- [TASK OBJECTIVE] Return the first line of the listing below and all the lines after it through the one containing "masie, wys. 42 cm", exactly, without pictures.

- [RECORDS FOR THE EXERCISE]

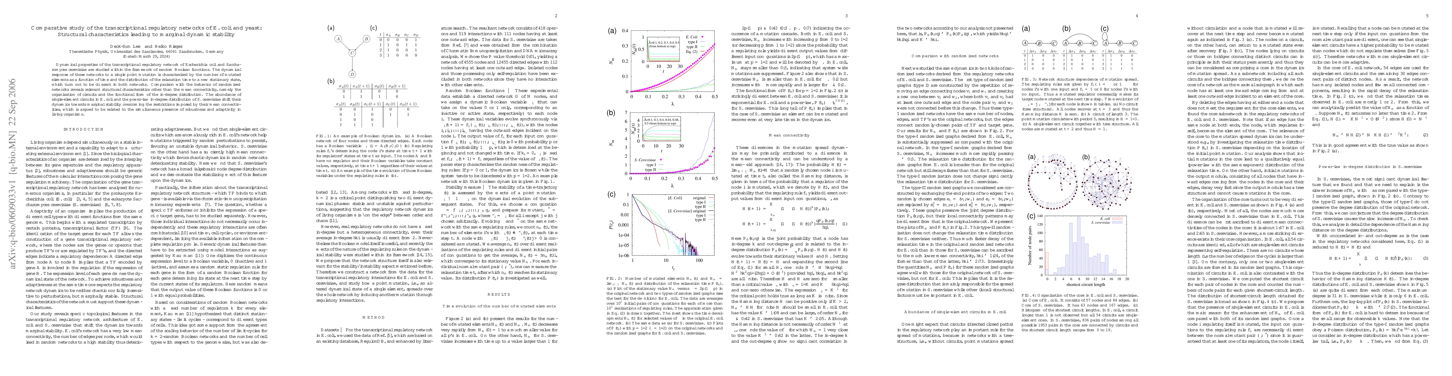 This study compares the transcriptional regulatory networks of {\it Escherichia coli} and {\it Saccharomyces cerevisiae}, revealing that structural characteristics like circuit organization and in-degree distribution influence their dynamic stability, leading to marginal stability despite differing mean connectivities.
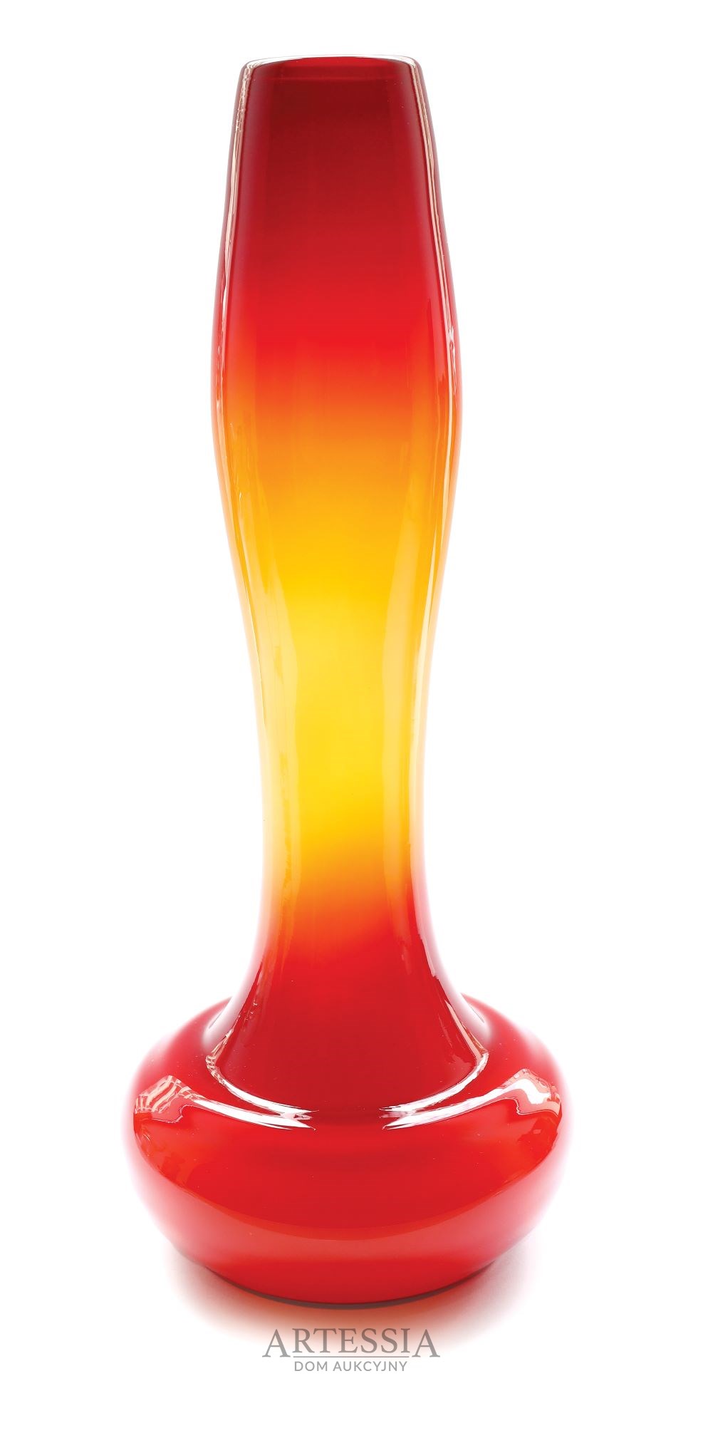 Huta Szkła „Sudety” w Szczytnej, lata 70. XX w. szkło sodowe, ręcznie formowane cieniowane, barwione w masie, wys. 42 cm
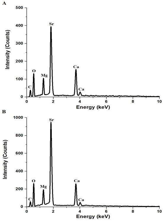 Figure 2A,B presents the EDX spectra of AE500 and AE700 nanocomposites, respectively, confirming the presence of carbon (C), oxygen (O), magnesium (Mg), calcium (Ca), and strontium (Sr) as the primary elemental components. Table 1 provides the atomic percentages of these elements in both samples, revealing variations in elemental composition upon increasing the synthesis temperature. The carbon content in AE500 and AE700 is 19.1% and 16.7%, respectively, which can be attributed to the residual carbonaceous species from the Pechini sol-gel synthesis method that involved tartaric acid and polyethylene glycol 400 as complexing and stabilizing agents. During synthesis, these organic components decompose and volatilize upon heating, with higher temperatures facilitating further carbon removal, explaining the lower carbon content in AE700 compared to AE500. The oxygen content slightly increases from 55.8% in AE500 to 56.8% in AE700, suggesting enhanced oxidation or reduced presence of residual organic species at elevated temperatures. The atomic percentage of magnesium decreases slightly from 5.1% in AE500 to 4.8% in AE700, while calcium exhibits a more pronounced reduction from 8.6% to 7.4%, possibly due to variations in precursor decomposition or phase transformations during heat treatment. In contrast, the strontium content increases from 11.4% to 14.3%, indicating preferential retention or enrichment of Sr-containing phases at higher temperatures. These compositional differences between AE500 and AE700 reflect the thermal decomposition behavior of the precursors and the structural evolution of the nanocomposite, with elevated temperatures promoting crystallite growth, phase stabilization, and a reduction in residual carbonaceous content.
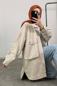 Lamelif Dekoratif Cep Detaylı Tesettür Ceket Lacivert
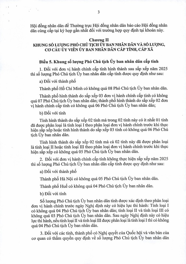Chương II, quy định khung số lượng Phó Chủ tịch UBND và số lượng, cơ cấu Ủy viên UBND cấp tỉnh, cấp xã (từ Điều 5 đến Điều 7).
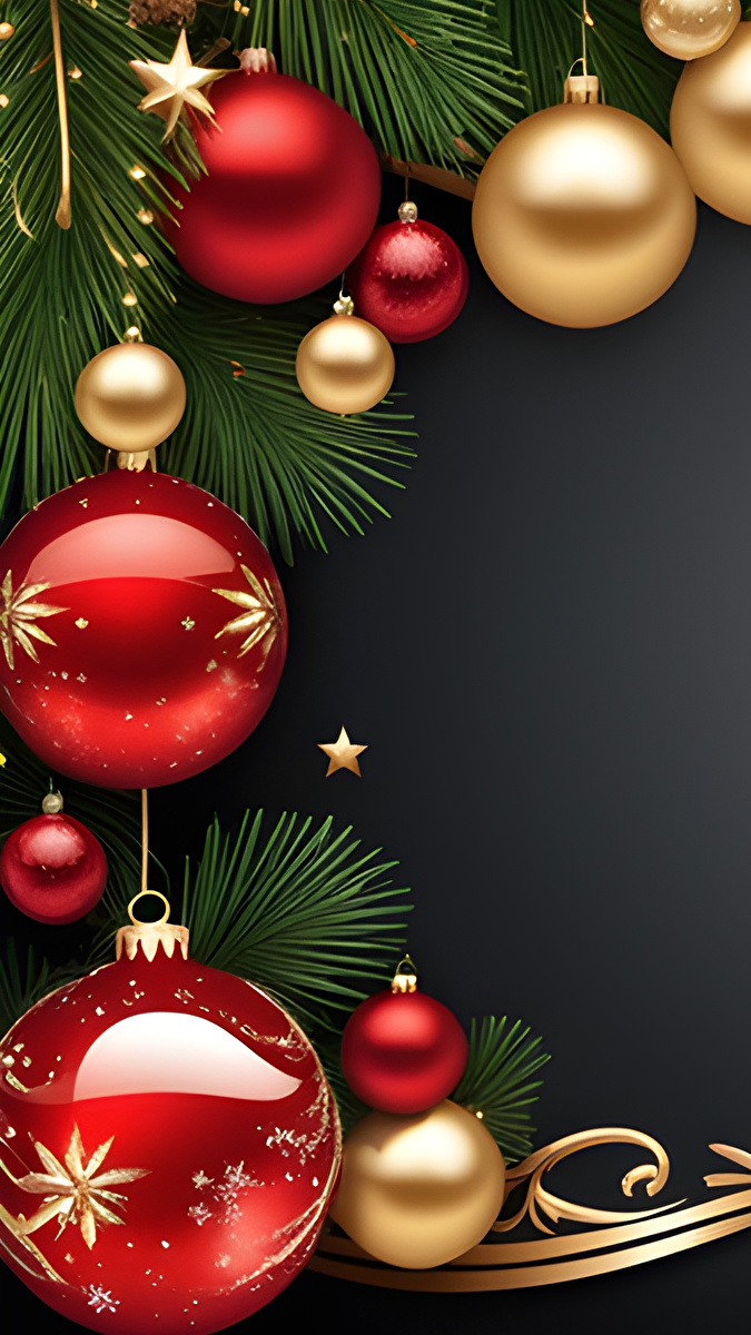Edytor tapety: Złote i czerwone bombki na gałązkach
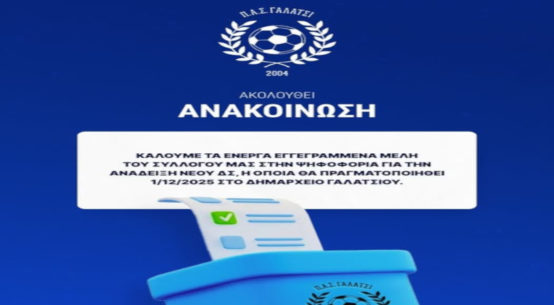 ΠΡΟΣΚΛΗΣΗ ΣΕ ΓΕΝΙΚΗ ΣΥΝΕΛΕΥΣΗ ΤΟΥ ΑΘΛΗΤΙΚΟΥ ΣΥΛΛΟΓΟΥ "Π.Α.Σ. ΓΑΛΑΤΣΙ". Προς όλα τα ενεργά μέλη του Συλλόγου. ======================= Το Διοικητικό Συμβούλιο του "Π.Α.Σ. ΓΑΛΑΤΣΙ", με απόφασή του στην συνεδρίαση του Δ.Σ. στις 30/10/2025 , αφού έλαβε υπόψη τα σχετικά άρθρα 11, 12, 13, 14,
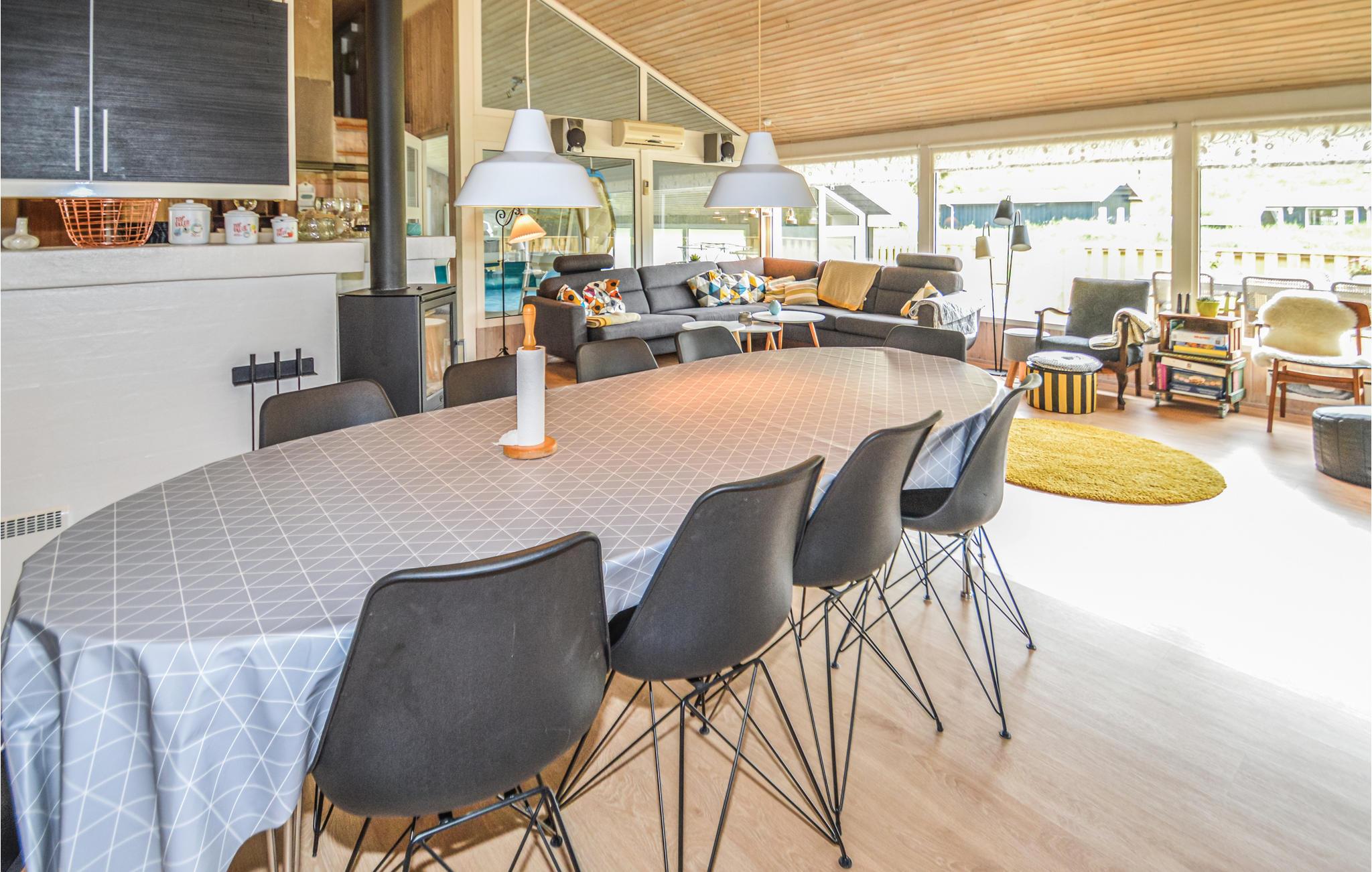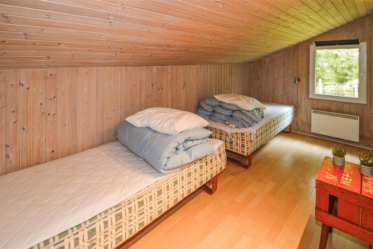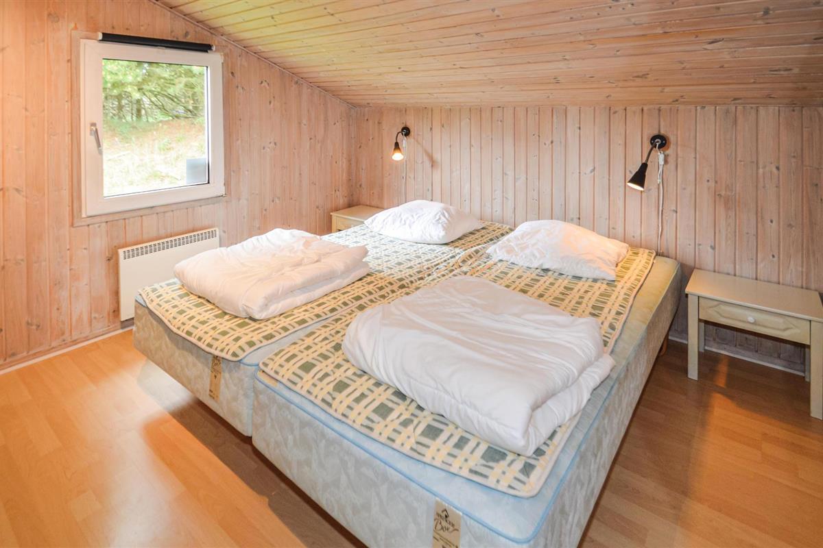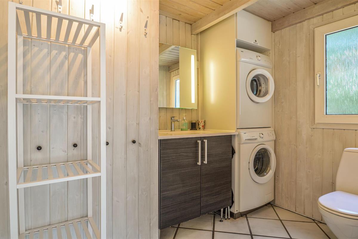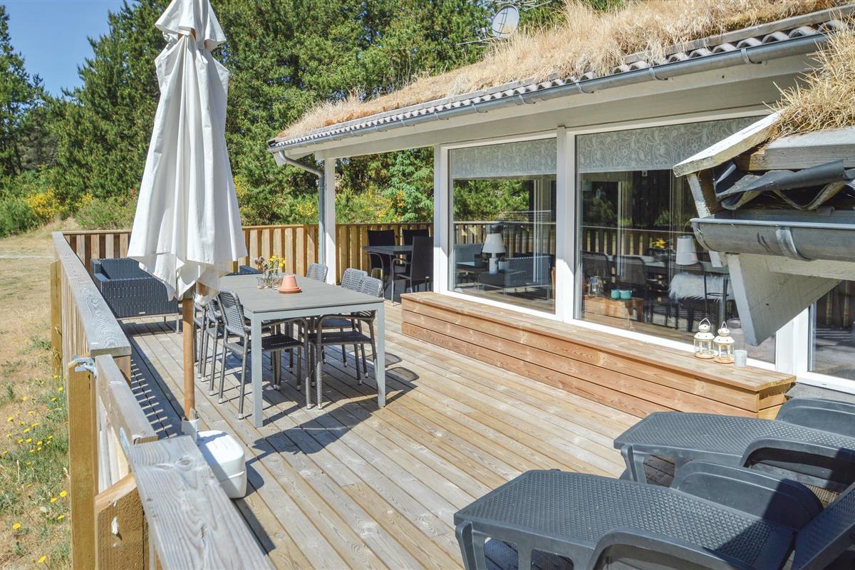 Het vakantiehuis ligt helemaal achteraan op een rustige plek en nodigt met al zijn ruimte uit tot een heerlijke vakantie. Het natuurlijke centrum wordt de ruime woon-keukenruimte en in de zwembadruimte zal iedereen zich zeker uren bezighouden met het zwembad, de waterglijbaan en het tegenzwemmen. Omsloten door naaldbomen vindt u op het terrein veel ruimte om u uit te leven, vooral als u thuiskomt van een lange dag zwemmen op het badstrand van Saltum of van het attractiepark Fårup Sommerland.
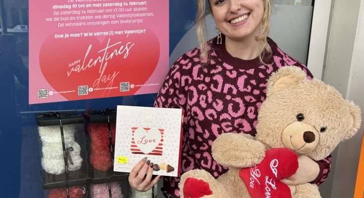 De Valentijnbus staat daar van dinsdag 10 februari tot en met zaterdag 14 februari. Op zaterdag 14 februari om 17.00 uur wordt de bus gesloten en worden dertig Valentijnskaarten getrokken. De speciale Valentijn ontvangt een leuke verrassing, beschikbaar gesteld door lokale ondernemers.
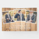 Composed of serif typography against a dark wood backdrop. These elements are modern country rustic. Add three custom photos.
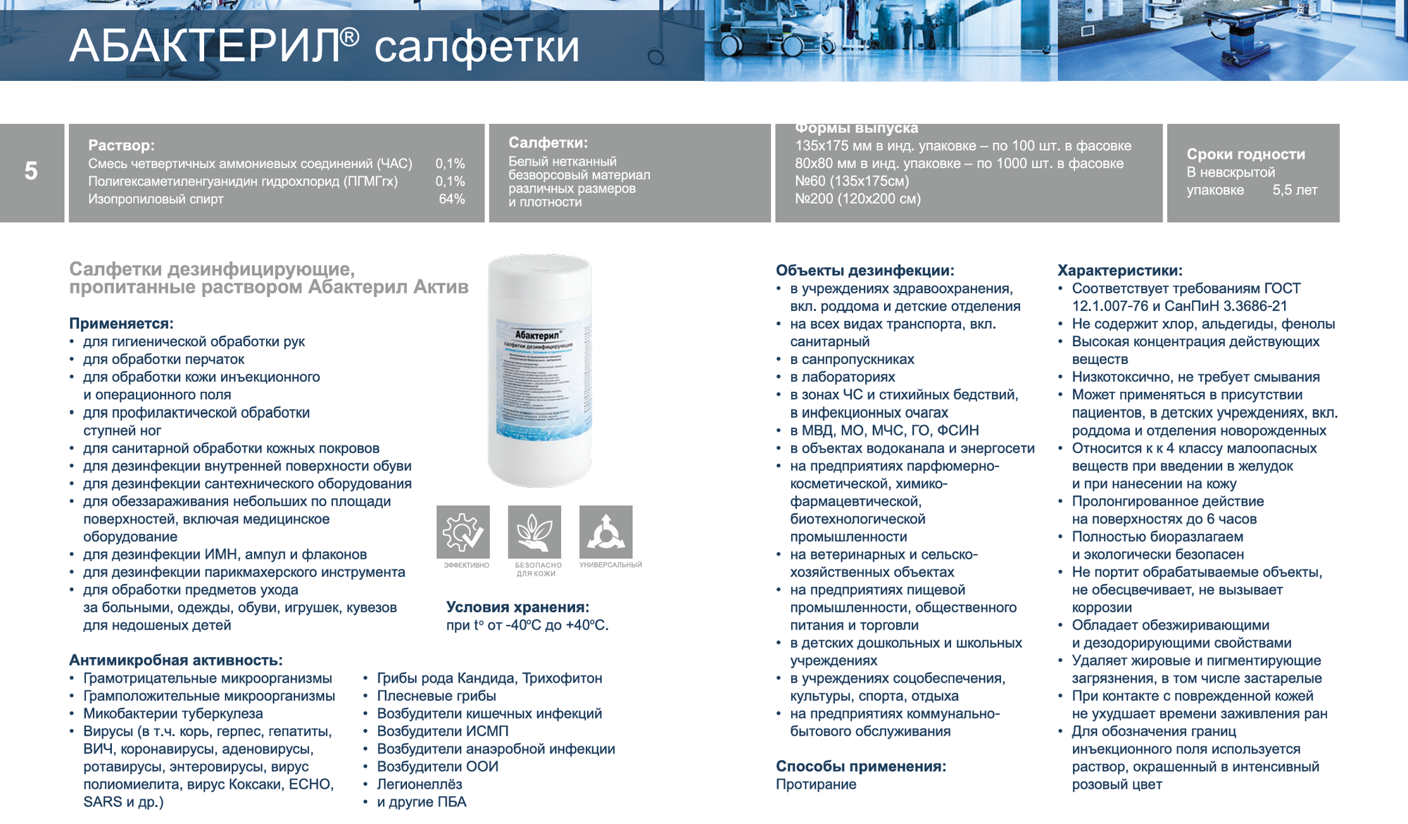 5 шт. Салфетки Абактерил-актив влажные дезинфицирующие 200 шт./уп (банка) информация:
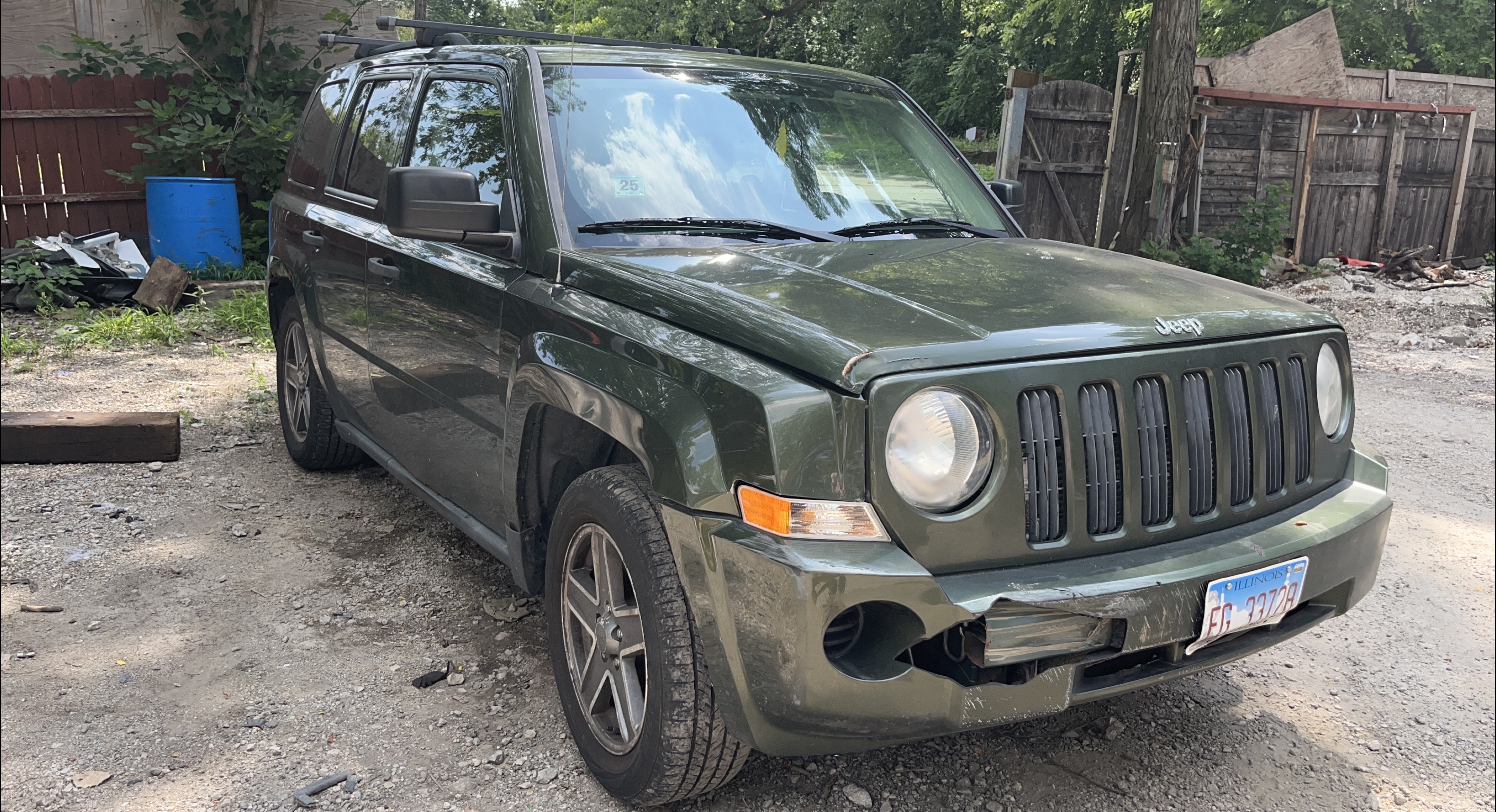 Selling a green Jeep Patriot. It has some visible wear and tear on the front bumper. Needs some work on the rack and pinion

- [RESPONSE AREA]
 This study compares the transcriptional regulatory networks of {\it Escherichia coli} and {\it Saccharomyces cerevisiae}, revealing that structural characteristics like circuit organization and in-degree distribution influence their dynamic stability, leading to marginal stability despite differing mean connectivities.
 Huta Szkła „Sudety” w Szczytnej, lata 70. XX w. szkło sodowe, ręcznie formowane cieniowane, barwione w masie, wys. 42 cm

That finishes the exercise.